The squadron was first activated in June 1943 at Geiger Field, Washington as the 729th Bombardment Squadron, one of the four original squadrons of the 452d Bombardment Group. Later that month, it moved to Rapid City Army Air Base, South Dakota and began to train with the Boeing B-17 Flying Fortress. It continued training with Second Air Force until December, when it began its movement to the European Theater of Operations. The ground echelon staged through Camp Shanks and sailed on the on 2 January 1944. The air echelon deployed via the South Atlantic air ferry route

The squadron established itself at RAF Deopham Green in January 1944, and began operations on 4 February 1944 with a strike on an aircraft assembly plant near Brunswick.
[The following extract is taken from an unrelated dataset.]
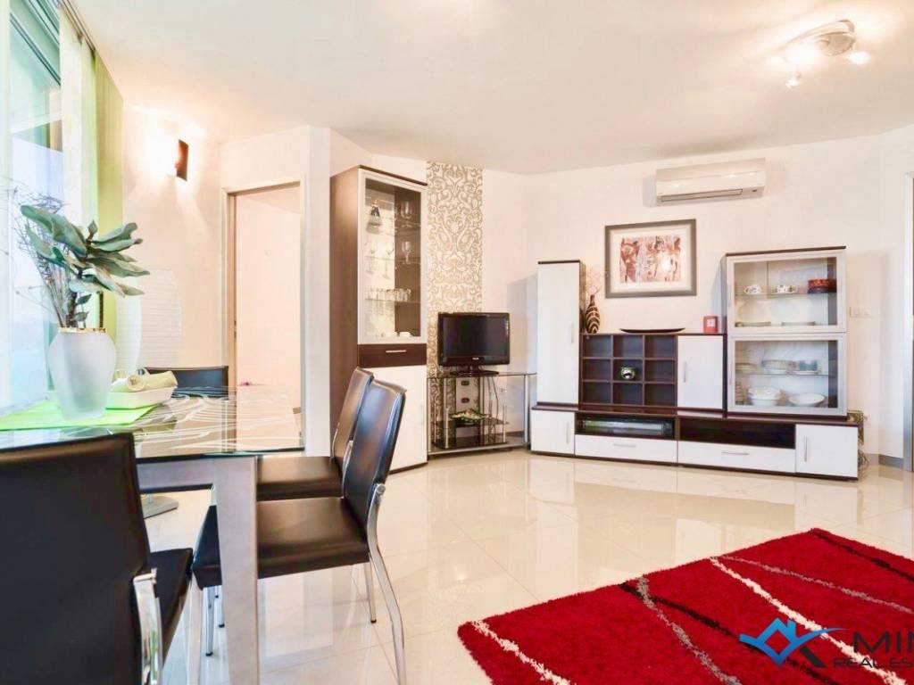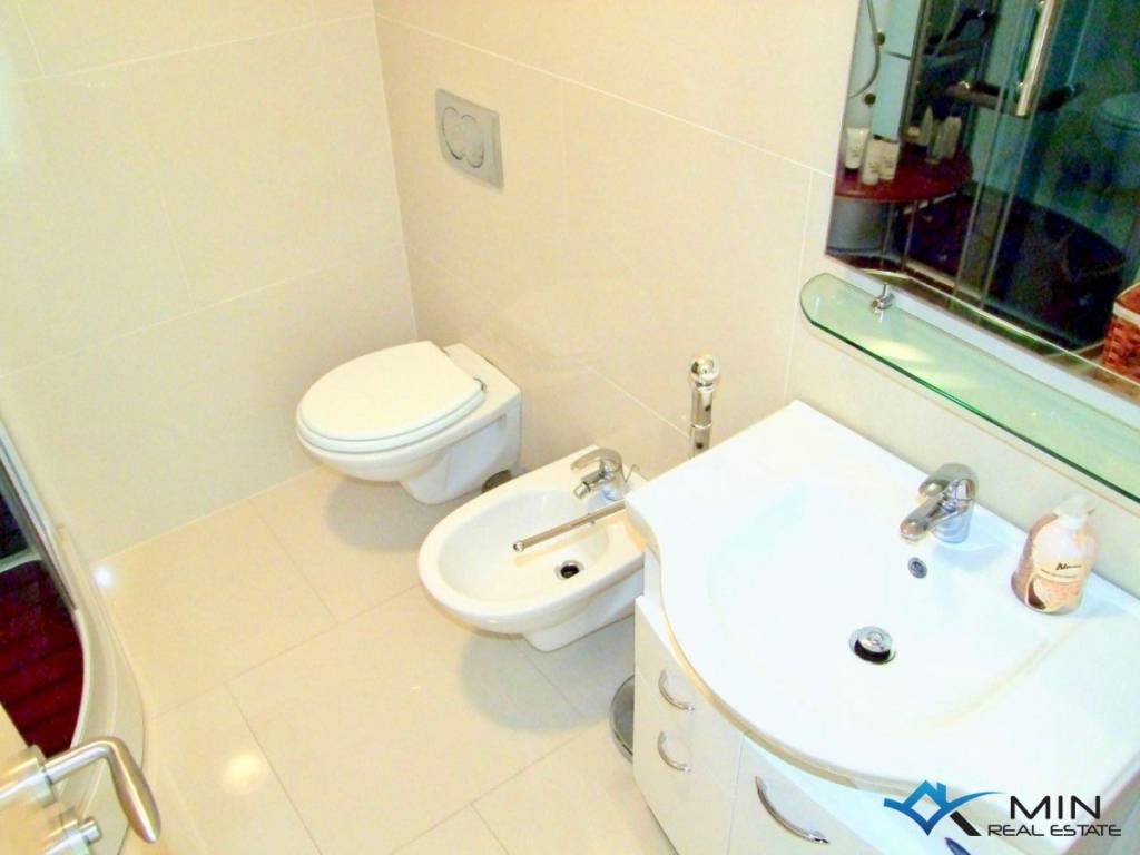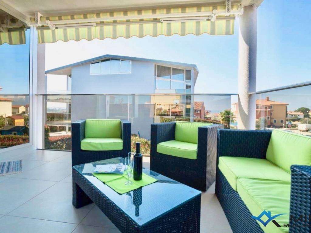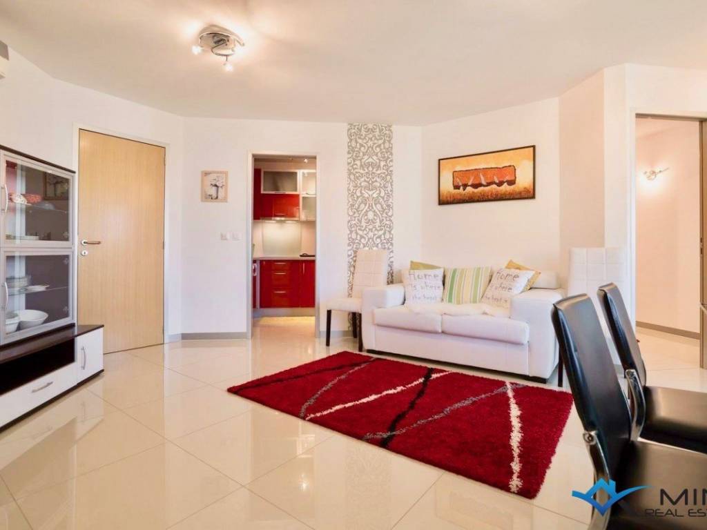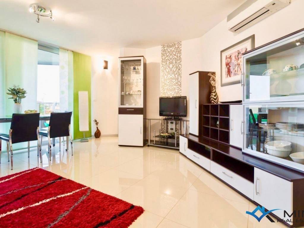 Prodaje se stan udaljen 1100 m od centra grada te 900 m od mora i lijepo uređene plaže. Stan se nalazi na mirnoj lokaciji te je smješten na 1. katu zgrade s liftom. Stan ima 61, 75 m2 + 8,46 m2 parking u garaži te spremište. Stan se sastoji od ulaznog hodnika, kupatila, 2 spavaće sobe, kuhinje, blagovaonice te dnevnog boravka s izlazom na natkrivenu terasu s lijepim pogledom na more. Grijanje / hlađenje u stanu je putem podnog grijanja i klima uređaja. Stan je moguće koristiti u stambene ili turističke svrhe.

Its strategic targets included railroad marshalling yards near Frankfurt, aircraft factories near Regensberg and Kassel. the ball bearing factory at Schweinfurt and an oil refinery near Bohlen. In September 1944, the squadron participated in the third shuttle mission, striking Chemnitz before landing in bases in the Soviet Union.

The 729th was occasionally diverted to support tactical operations. It hit airfields, V-weapon launching sites, bridges and other objectives in preparations for Operation Overlord, the invasion of Normandy. It bombed enemy positions to support Operation Cobra, the breakout at Saint Lo in July 1944 and the attacks on Brest, France in August. It supported Operation Market Garden, airborne attacks in the Netherlands in September and, during the Battle of the Bulge, struck German lines of communication. It struck an airfield to support Operation Varsity, the airborne assault across the Rhine.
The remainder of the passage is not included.